▸ YOUR OBJECTIVE
Below are some records. Quote exactly the lines from the one that contains "提升所有后排型机体闪避,提升" through the last, both included, and leave out the pictures.

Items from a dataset
────────────────────────────────────────

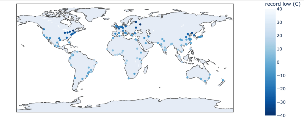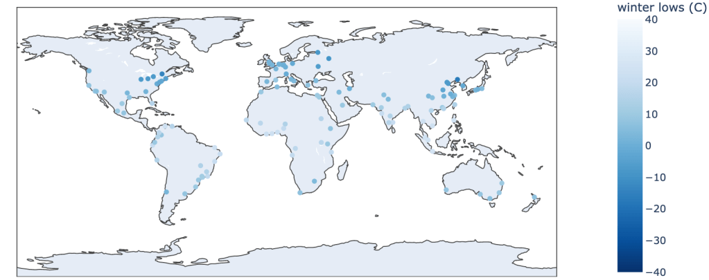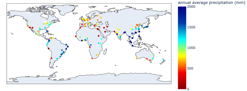 There are eight cities with average annual precipitation amounts in excess of 2000 mm. They are all colored in dark blue and are Recife, Brazil; Mumbai, India; Dhaka, Bangladesh; Singapore; Kuala Lumpur, Malaysia; Taipei, Taiwan; Hong Kong, China; and Manila, Philippines. Again, I’ve chosen to use the colorbar to span the range from 0-2000 mm to give more granularity to the cities in that range.
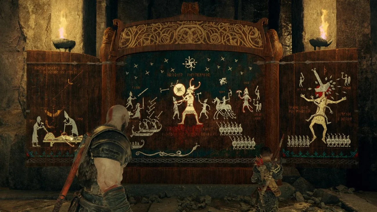 The story reveals that Atreus is actually Loki, connecting him to ancient Norse predictions and murals created by Giants. These murals act like readable records of the future, which he can understand, and they drive the game’s storylines based on his decisions, not predetermined fate.
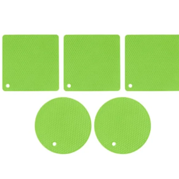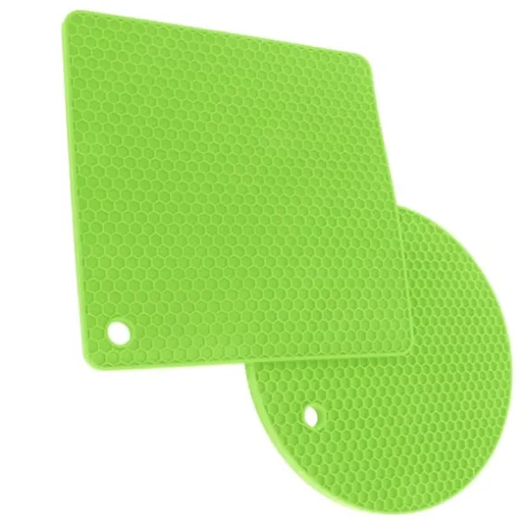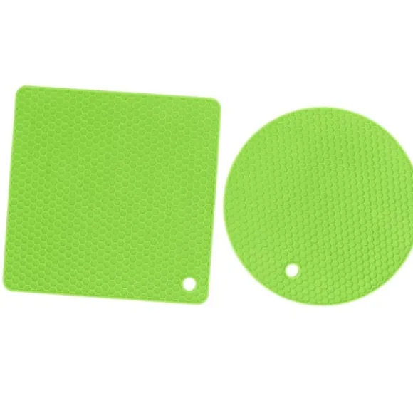 Välkommen till vår butik! Detta set innehåller högkvalitativa silikonkökstillbehör designade för mångsidighet och hållbarhet. Varje förpackning innehåller 5 silikondynor (2 runda och 3 fyrkantiga) för pålitligt värmeskydd och daglig användning. **Produktinformation:** – **Material:** Livsmedelsklassad silikon, BPA-fri, giftfri och säker för matlagning. – **Värmebeständighet:** Tål temperaturer från -40°C till 230°C och skyddar ytor från heta grytor, stekpannor och tallrikar. – **Halkfritt grepp:** Säkerställer stabilitet och förhindrar oavsiktligt spill eller halkning. – **Mångsidig användning:** Perfekt som grytställ, torkdynor, skedhållare eller underlägg. – **Enkelt underhåll:** Handdiskas eller diskmaskinssäker; snabbtorkande bikakedesign motstår fuktuppbyggnad. – **Kompakt förvaring:** Kan rullas ihop eller hängas för platsbesparande bekvämlighet. **Mått och vikt:** – **Kvadratisk storlek:** 185 x 5 mm / 7,3 x 0,2 tum – **Rund storlek:** 180 x 7 mm / 7 x 0,3 tum – **Vikt:** 403 g / 14,2 oz Nöjdhet: Våra kunder är vår högsta prioritet. Om du upptäcker några produktproblem efter att du mottagit varorna, såsom skador eller felaktig mängd varor, vänligen kontakta säljaren omedelbart. Vi gör vårt bästa för att ge dig tillfredsställande kundservice.
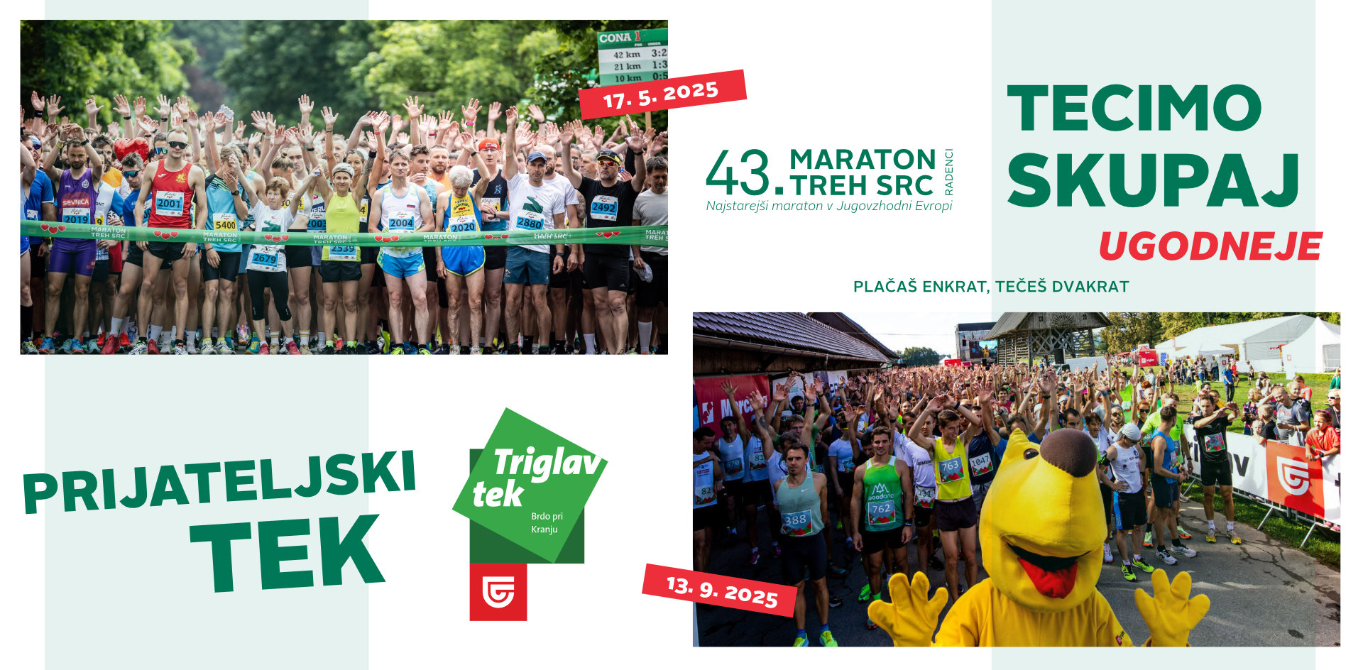 Maraton treh src in Triglav tek se povezujeta in vam ponujata ugodno skupno prijavo za le 65,00 EUR.
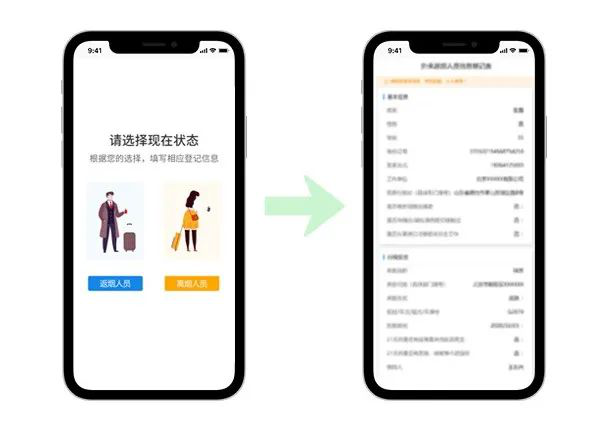 人員返鄉(xiāng)、離鄉(xiāng)前,使用微信掃碼進(jìn)入系統(tǒng)進(jìn)行申報(bào)填寫。
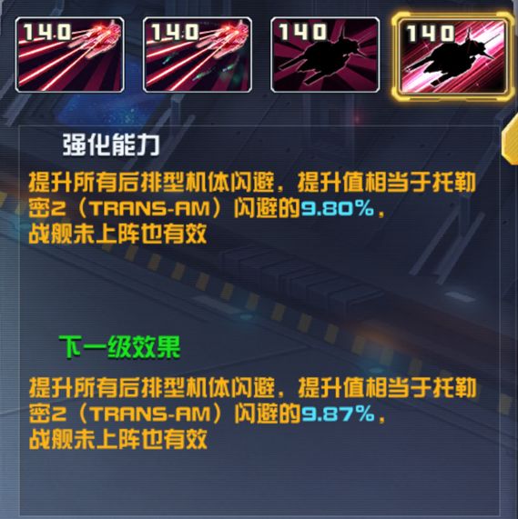 提升所有后排型机体闪避,提升值相当于托勒密2(TRANS-AM)闪避的9.80%,战舰未上阵也有效。
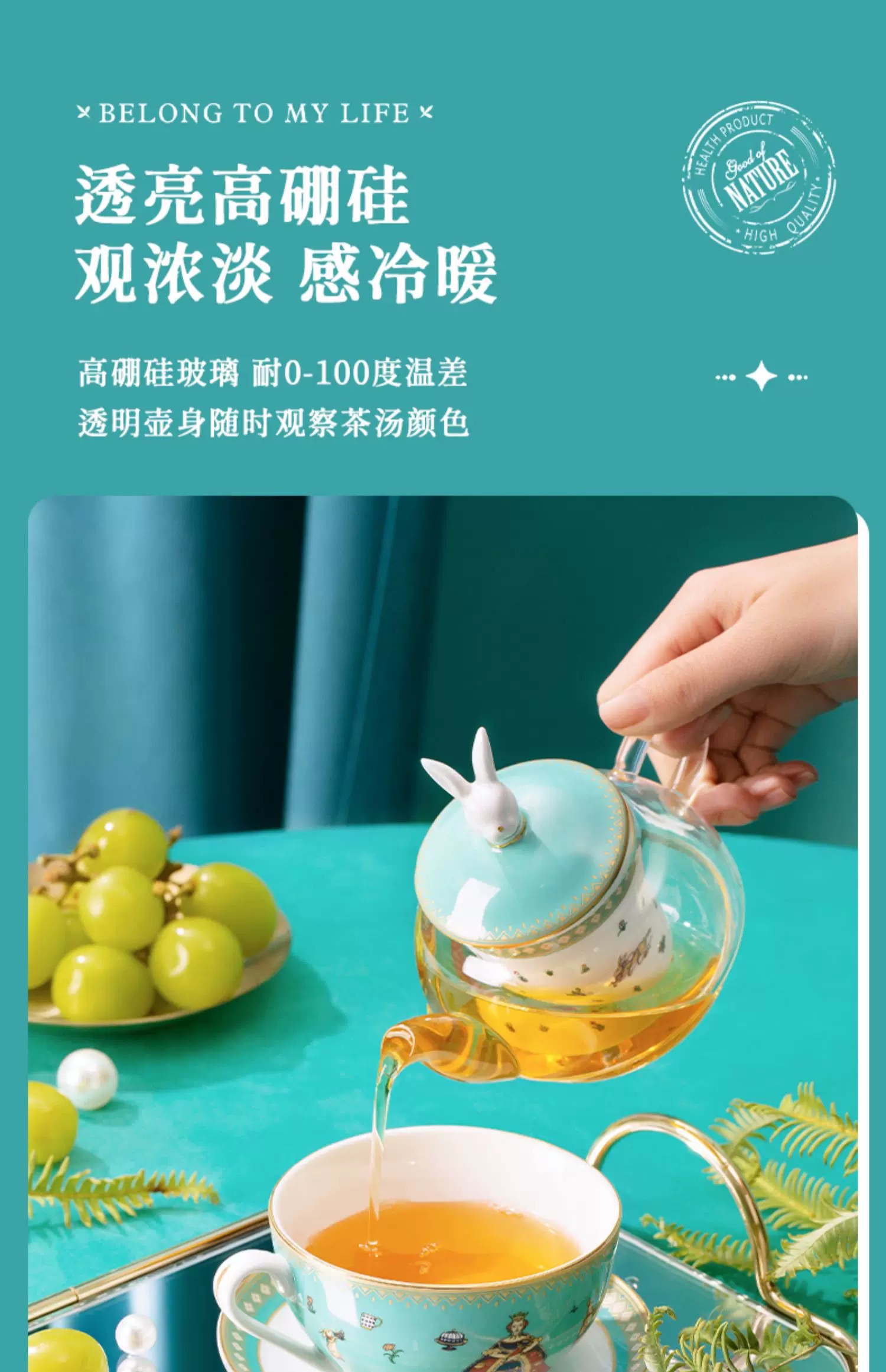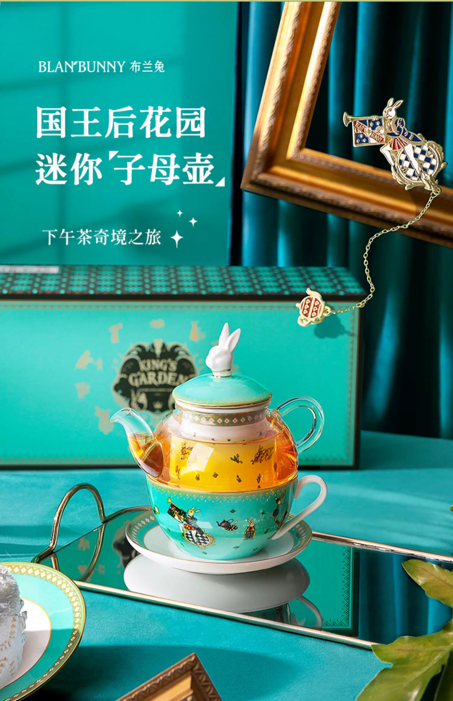 BLAN BUNNY 布蘭兔國王后花園水彩子母壺套裝禮盒粉彩茶壺骨瓷杯碟茶具套裝下午茶送禮

────────────────────────────────────────

▸ RESULT FOR THIS EXERCISE
 提升所有后排型机体闪避,提升值相当于托勒密2(TRANS-AM)闪避的9.80%,战舰未上阵也有效。
 BLAN BUNNY 布蘭兔國王后花園水彩子母壺套裝禮盒粉彩茶壺骨瓷杯碟茶具套裝下午茶送禮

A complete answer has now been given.